M&As and privatisations have indeed moved at a fast pace. Since early this year, two major corporate exercises have been announced.
In addition, our records show eight other attempted M&As and privatisations involving listed companies in 1H 2019, bringing the total attempts to 10. Of the 10, two had appeared in our earlier screening – YTL Land & Development (YTLL MK), which was made a privatisation offer by YTL Corporation (YTL); and Axiata, now involved in a mega-merger with Telenor for their Asian ops.
Save for YTL Cement-Lafarge Malaysia and Axiata-Telenor mega-merger, the other eight attempts involved outlays of less than RM1 billion each, namely the smaller market capitalisation companies and thus, they did not appear in our earlier screening.”

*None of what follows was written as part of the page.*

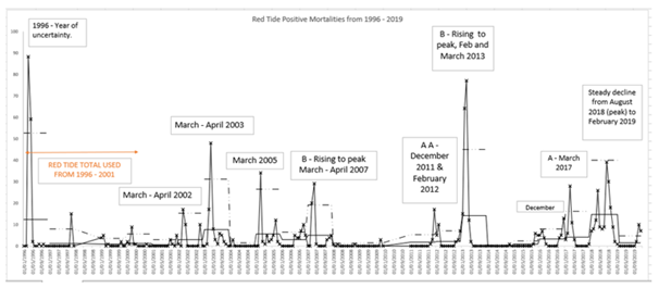 March was the peak month of mortalities in 2013 (Figure 3), with 138 deaths out of 277 deaths recorded (66% of the 2013 Red Tide Total). The month of February followed, with 80 deaths recorded (28.8% of the 2013 Red Tide Total). In 2018, there is a different system with no standout month, but in August 68 mortalities were recorded (23.6%), and 60 in May (20.8%), out of the 288 Red Tide mortalities that year. The extended tail-off in mortalities in 2018 is important, as it shows a significant change in the system from August 2018 to February 2019.

“We believe M&A and privatisation will be a recurring theme into 2H19 as the broad market weakness has unlocked values.”
Although Maybank IB Research now screen all companies listed on Bursa Malaysia, it doubted that those with very small market capitalisations warranted investors’ attention.
Excluding companies with market capitalisation of less than RM100 million returned 55 hits or six per cent of all companies listed on Bursa Malaysia,” it continued in its analysis.
“Seven of the 55 hits are covered by us – CSC Steel Holdings, Media Chinese International, Tambun Indah Land, Lotte Chemical Titan Holding, Star Media Group, Harbour-Link Group and Asia File Corp.
“By this point, we notice a pattern beginning to emerge. Companies from a few sectors dominate, namely those in property (11 hits), steel (eight hits), plantation (eight hits) and technology (6 hits) sectors.
“Unsurprisingly, the four aforementioned sectors are in a down cycle. Conversations with our fellow analysts reveal that the property, steel and pPlantation-linked industries are experiencing oversupply, while the technology sector is at caught in the US-China trade tiffs.”
That said, Maybank IB Research posit that value is beginning to emerge from these companies.
“We posit a list of 55 companies as being ripe for corporate exercises. Up until this point, the data points we employed have been historical and not forward looking.
“Therefore, we peruse through the 14 companies which are covered by research houses (not just Maybank Kim Eng) and screen for those forecasted to generate free cash flow yield of less than eight per cent per annum (exceeding two times the current 10-year Malaysian Government Securities yield of 3.6 per cent) for two consecutive years.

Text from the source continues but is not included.